I am living in *Australia *and looking to relocate to *Dubai*. I have worked in the Financial Planning industry for 2 years and would like to know what is the process in finding a job in UAE. I have experiance in in the following areas:

- Personal insurance/risk management
- Retirement strategies
- Investment products such as capital protected, geared investments and home equity products
- Superannuation
- Tax minimisation strategies
- Maximise government benefits 

I have completed my B.Bus, Dip and Adv Dip in financial services (Financial Planning) and currently completing my Masters in Commerce (Financial Planning).

Any leasds or advice would help.

Thanks


----------



## cazyindubai (Feb 18, 2009)

Klaudia said:


> Hi All,
> 
> I am living in *Australia *and looking to relocate to *Dubai*. I have worked in the Financial Planning industry for 2 years and would like to know what is the process in finding a job in UAE. I have experiance in in the following areas:
> 
> ...



Hi,

I dont want to be too pessimistic but things are quite tough at the moment in Dubai. I have read that 53% of financial services firms have currently a recruitment freeze in place and another 23% will have a recruitment feeze in place within the last 3 months. Things have gone quite bad in a very short period of time. 

Unfortunately Dubai is not a place where you can survive long without paid work especially since share accomodation can cost at minimum AUD$25,000 a year for a private room. 

Basically you really need to secure a job before you get here otherwise it will be financially very difficult. 
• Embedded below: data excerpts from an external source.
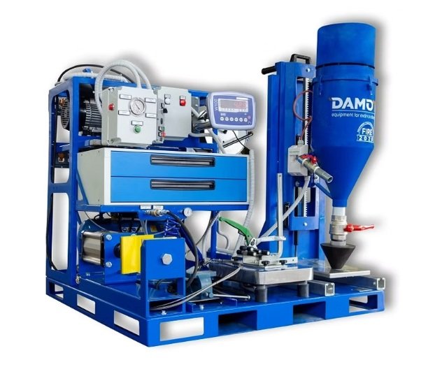 > Jednotka pro přečerpávání hasicího prášku, na posuvném držáku – model TOTEM M nebo TOTEM TS
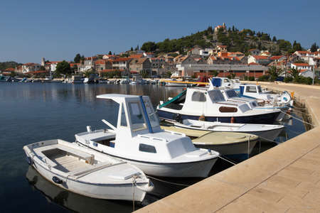 Old boats in marina in the old town of Betina on Murter island in Dalmatia, Croatia. Adriatic seascape.
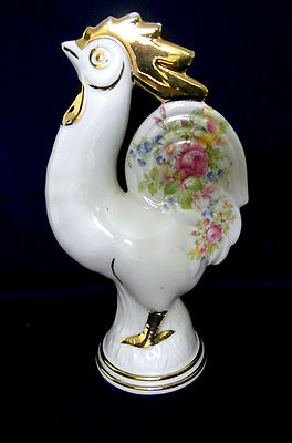 BEAUTIFUL VINTAGE 12" TALL PORCELAIN ROOSTER ~ FLORAL FEATHERS
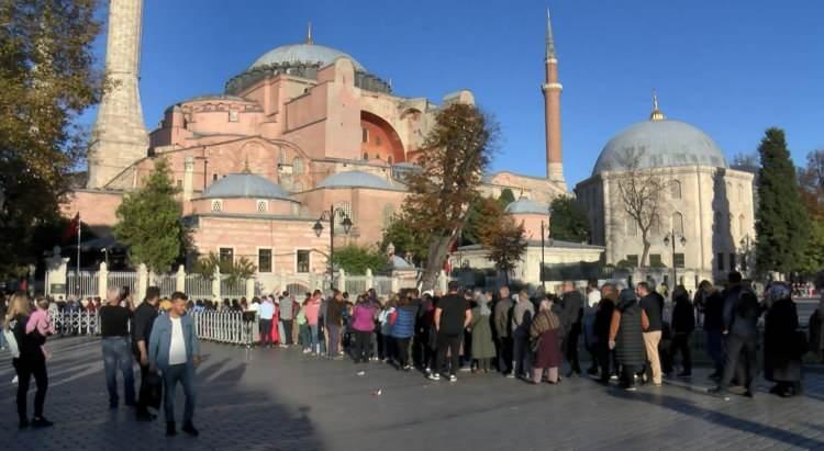 Ayasofya Camii'nde hafta sonu yoğunluğu
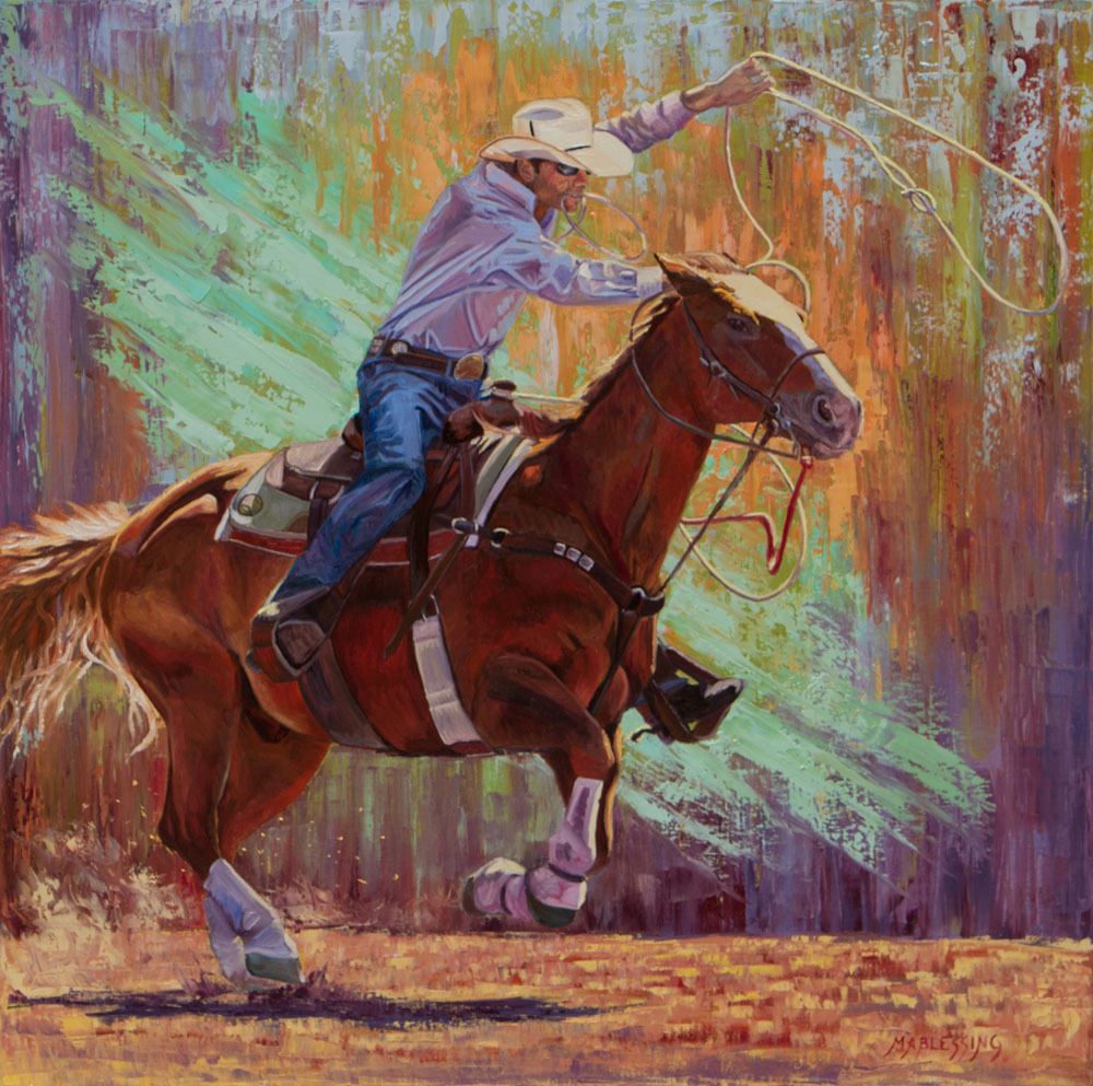 Artist: Meagan Abra Blessing.  Title: Sharp Shooter.  Size: 36" x 36".  Medium: Oil.  Description: I come by my love of rodeo honestly; my grandfather and uncles were team ropers.  The rodeo atmosphere is exhilarating and I wanted to capture it in a contemporary style while giving a nod to the quintessential cowboy that has traditionally represented western life.
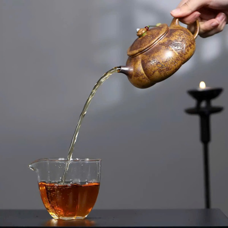 – Tên sản phẩm: Ấm Tử Sa Dáng Quả Bí Hoả Biến Khắc Mai
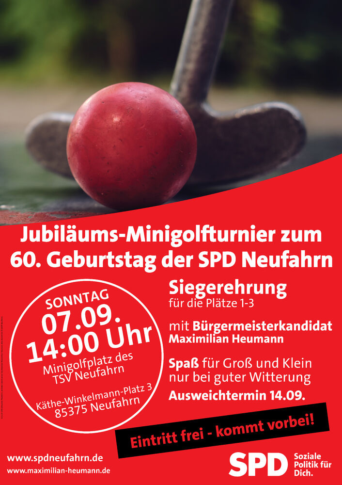 Wie schon in den letzten Jahren, veranstaltet die SPD Neufahrn auch 2025 wieder ein Minigolfturnier für große und kleine Sportskanonen.
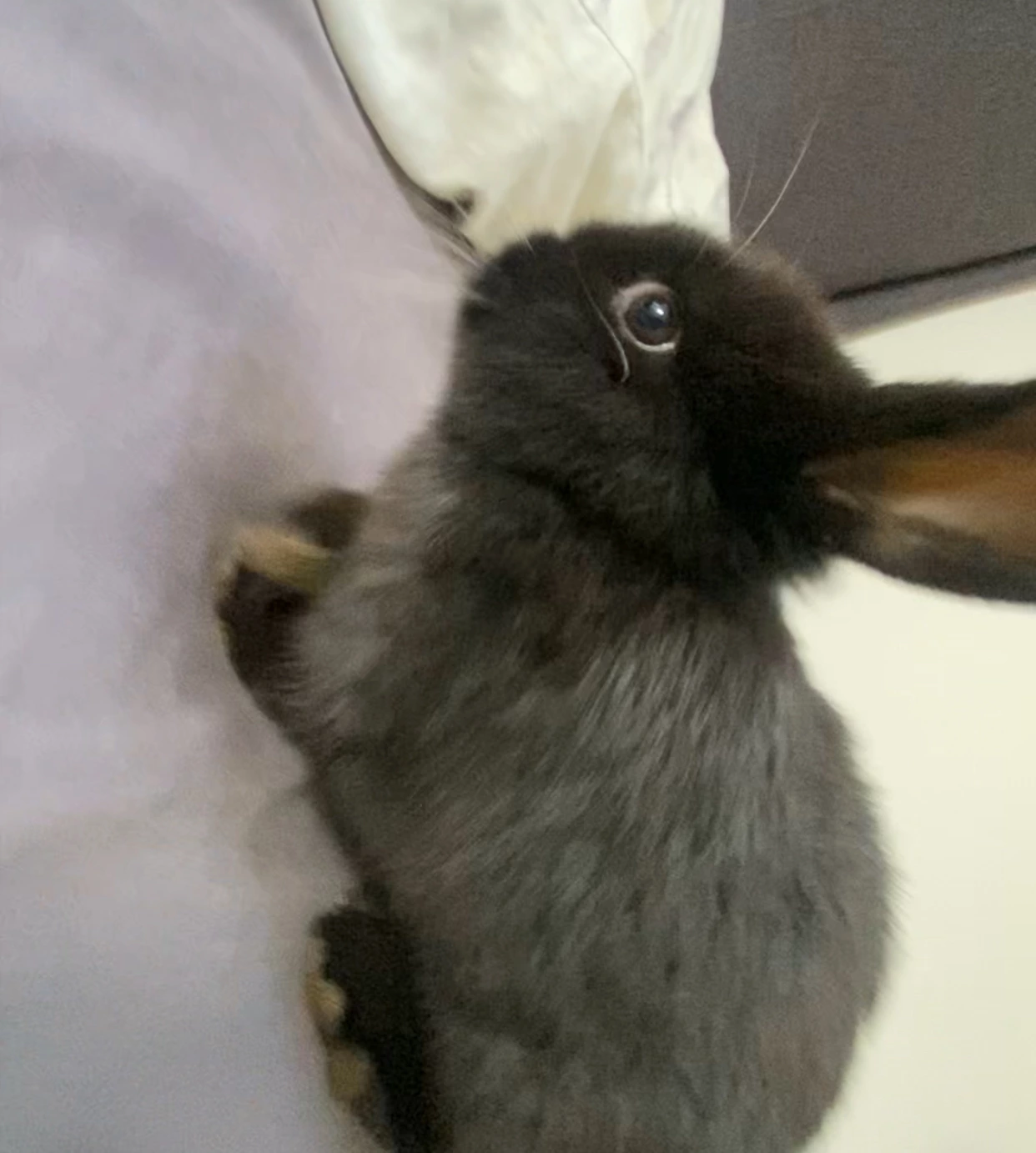 She’s a 7 month old mini lop x dwarf rabbit born 2nd of November 2024. Mabel is not a people person rabbit but she still has a lot of time ahead of her to learn. She loves roaming around and gets along well with our family cat.
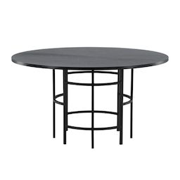 Informations Techniques : Dimensions : D. 140 x H. 74 cm Plateau : H. 2,5 cm Matières : Plateau : Placage & MDF Piètement : Acier Spécificités : Pratique & Tendance Table à manger design Jusqu'à 6 couverts Finition pieds : poudre noire Forme ronde Poids : 34 kg Couleur : Noir
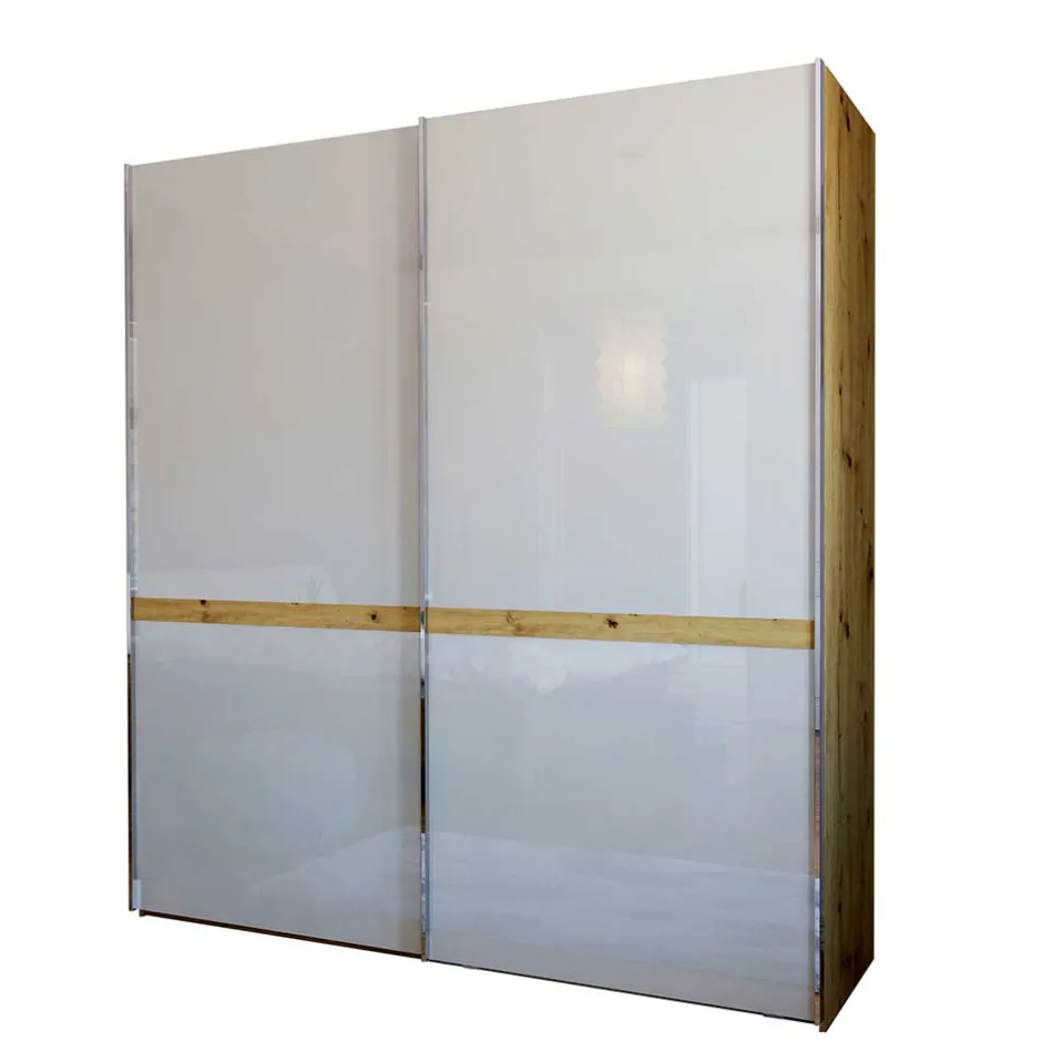 - Oberfläche der Front mit Glas beschichtet, Korpus und Querriegel-Leiste in Holzoptik Eiche Bianco foliert
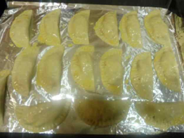 - Posem una cullerada de farcit a la cresta, pintem amb ou el voltant de la cresta i tanquem i amb una forquilla li donem la forma i aixi totes
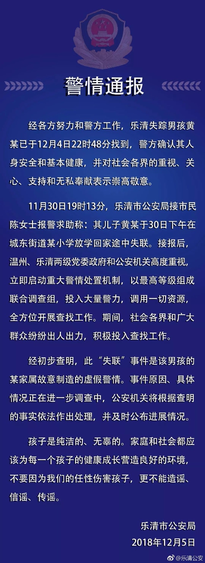 浙江省樂清市公安局官方微博5日凌晨發(fā)布警情通報稱,經各方努力和警方工作,樂清失蹤男孩黃某已于12月4日22時48分找到,警方確認其人身安全和基本健康,并對社會各界的重視、關心、支持和無私奉獻表示崇高敬意。
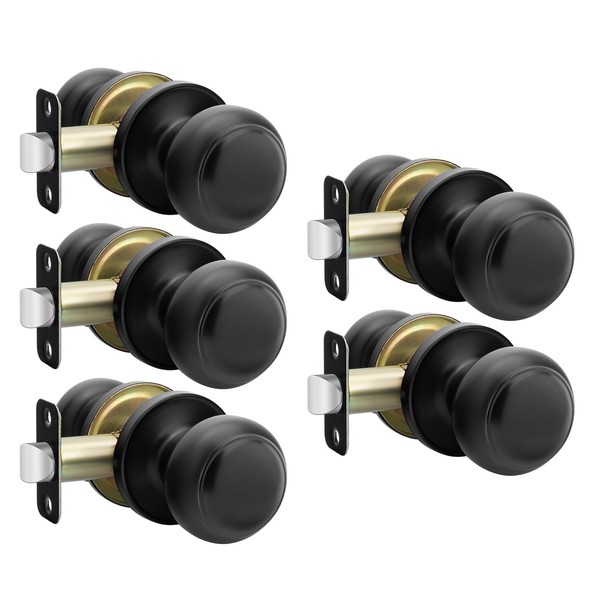 Haidms Black Passage Door Knobs Interior, Classic Matte Black Interior Door Lock knobs Closet, Round Black Closet Door Knobs Set for Hallway(5 Pack)
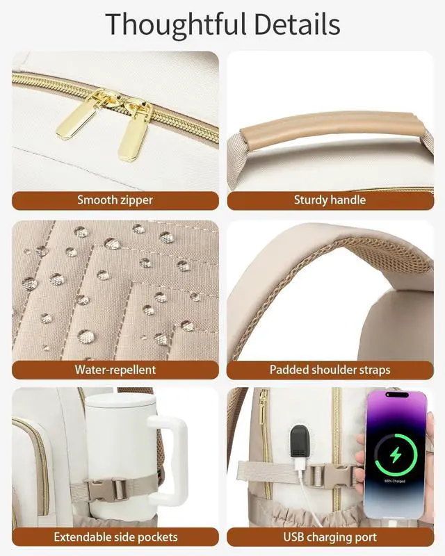 Go: The work backpack has a USB charging port on the side pocket, which is super convenient for charging your phone while you're commuting (power bank is not included) ^^ Carry-on Backpack, Travel
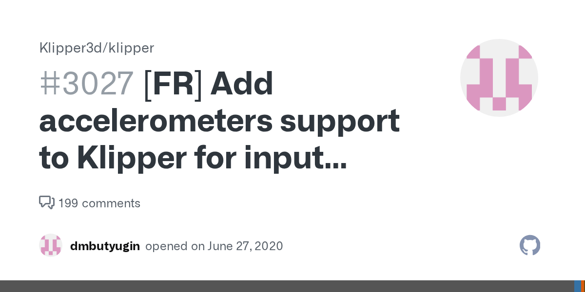 22.10.2020 · amongst the beta testers it's a small amount of duet users vs a horde of klipper users. This topic has been deleted. Input shaping adjusts the period of acceleration and/or breaks the acceleration up into a number of steps of different sizes, so that later acceleration changes induce ringing equal and opposite to the ringing induces by earlier acceleration changes. Nonetheless i was curious about klipper, specifically the feature of input shaping.
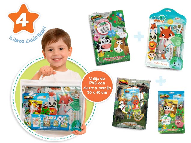 Incluye los siguientes juegos en una valija de pvc con cierre y manija:- Había una vez. - De dragones y dinos. - Picnic encantado. - El árbol de los deseos.
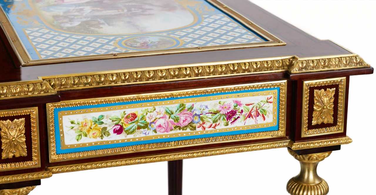 Magnifique table de dame de l’époque Napoléon III, réalisée en France dans la seconde moitié du XIXe siècle dans le style raffiné du célèbre ébéniste Adam Weisweiler (1746-1820). Sa structure rectangulaire avec projections d’angle, pieds cannelés et traverses arquées reflète les traditions du classicisme tardif, réinterprétées à travers l’esthétique somptueuse du Second Empire.L’élément principal est son rare plateau en porcelaine de 35 x 58 cm, couvrant presque entièrement la surface supérieure. Exécuté dans le style de la Manufacture royale de Sèvres, il représente une grande scène pastorale galante: bergères et berger près d’une source au bord d’un lac, peinte en polychromie délicate. Un décor en résille avec fleurs miniatures et médaillons circulaires illustrant des allégories de l’amour complète l’ensemble.Le bandeau est orné de panneaux en porcelaine représentant des scènes de promenades et de conversations galantes, dans l’esprit des peintres français du XVIIIe siècle. Des compositions florales allongées ornent les côtés. Les bronzes dorés - feuilles d’acanthe, couronnes de laurier, perles et guilloché - unifient l’ensemble dans une harmonie décorative.Le tiroir est doté d’une serrure secrète, caractéristique du mobilier raffiné destiné aux boudoirs féminins. La table constitue une rare synthèse de la rigueur classique et de la grâce rocaille, formant un élément remarquable d’un intérieur aristocratique.Dimensions: Hauteur 81 cm; largeur 80 cm; profondeur 55.5 cm.État: Très bon état. Dorure préservée. Légères traces d’usage. Panneaux en porcelaine sans fissures ni restauration.Provenance: Collection particulière européenne.
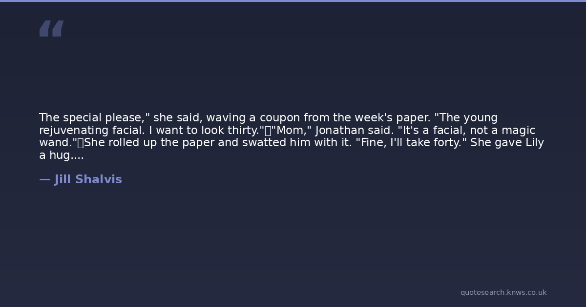 The special please," she said, waving a coupon from the week's paper. "The young rejuvenating facial. I want to look thirty." "Mom," Jonathan said. "It's a facial, not a magic wand." She rolled up the paper and swatted him with it. "Fine, I'll take forty." She gave Lily a hug. "And you! How lovely to see you again!" She turned to Jonathan. "So... you can make me look forty, right?" "How about gorgeous?" Jonathan asked his mom. "Does gorgeous work for you?
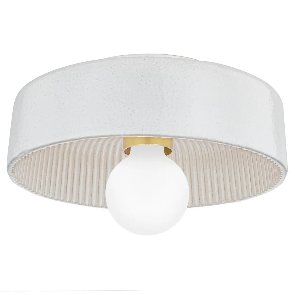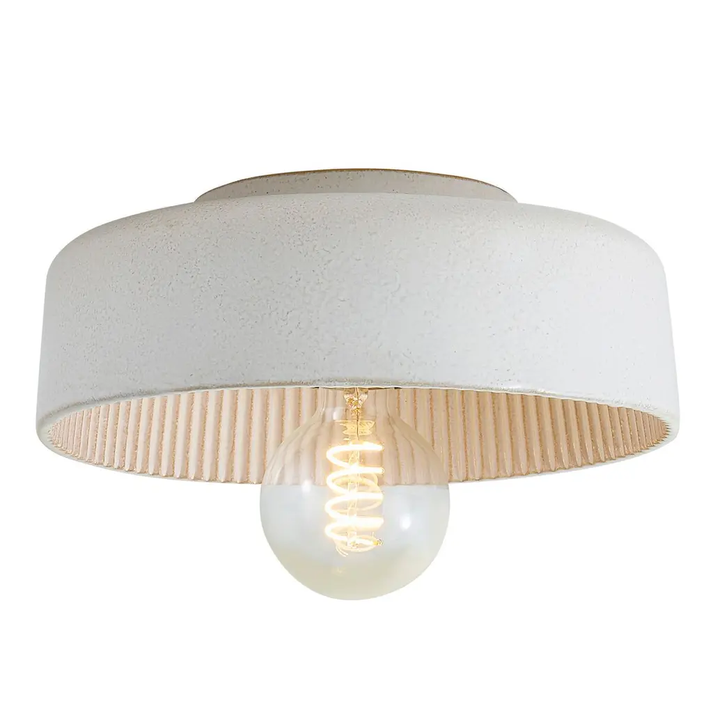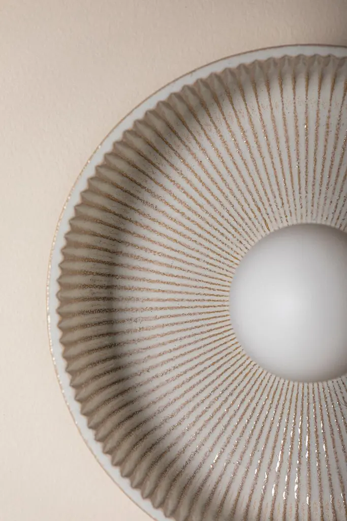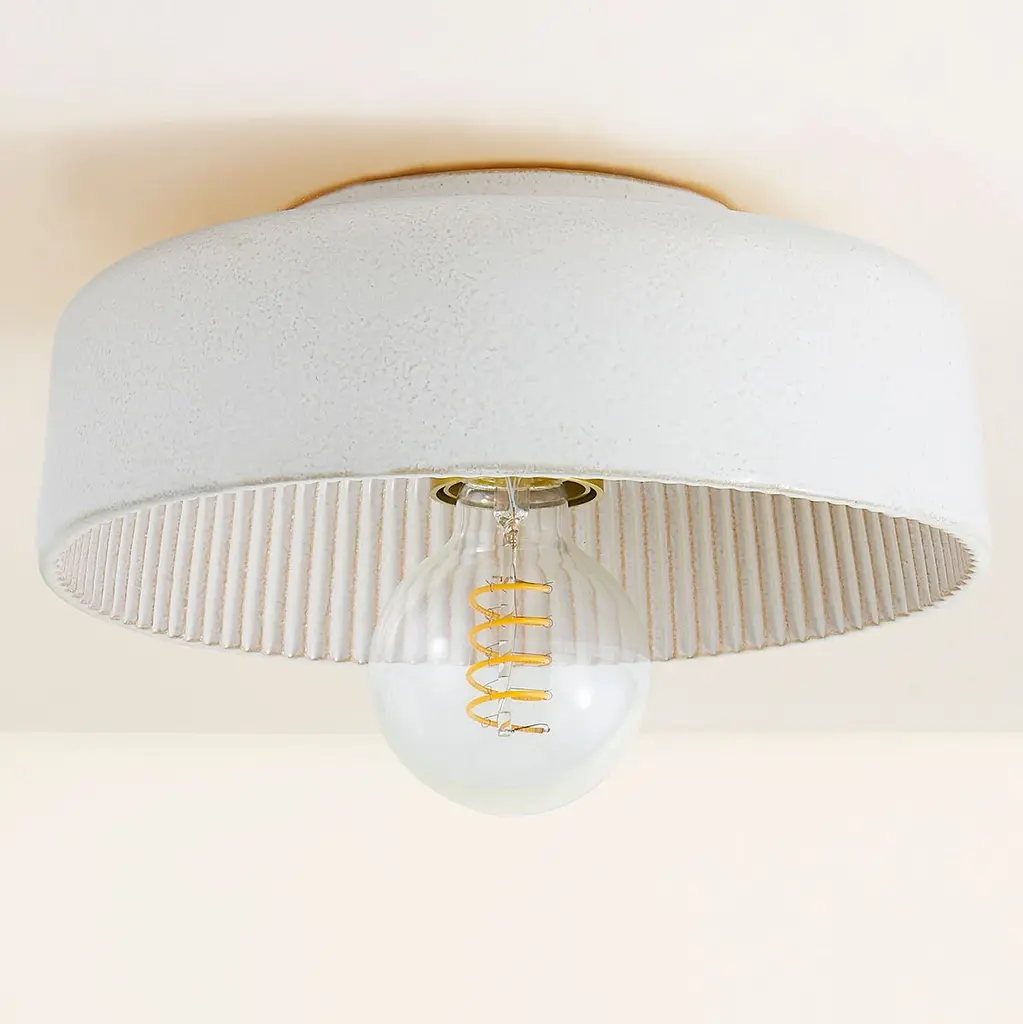 A contemporary flush mount with a drum-shaped shade, Ray serves as a powerful downlight. The reactive white ceramic resembles a limestone wash, adding texture and a rustic beauty. Reminiscent of a mushroom cap, the fluted interior brings a sense of organicism to the fixture.

Speak to recruiters back in Oz and see what they say about Middle East opportunities. You will find that you will be competing with others from the UK and US who may have the same experience as you and possibly others who already have Middle Eastern experience who have been laid off recently.

All the best with the hunt. Didnt mean to be too negative but unfortunately times are tough in the Middle East too. 

C


----------



## Klaudia (Feb 18, 2009)

*Thanks*

Thanks cazyindubai,

It seems that the tough times has hit every where, even in Dubai! I think I may hold off until things start to improve. Thanks for your advice!


----------



## Elphaba (Jan 24, 2008)

I have provided advice for people wanting to work as financial advisers on several occasions. You may find it helpful to so a search, but I will tell you now that the market is harder to break into than most people think and that the majority of roles are commission only.


-


----------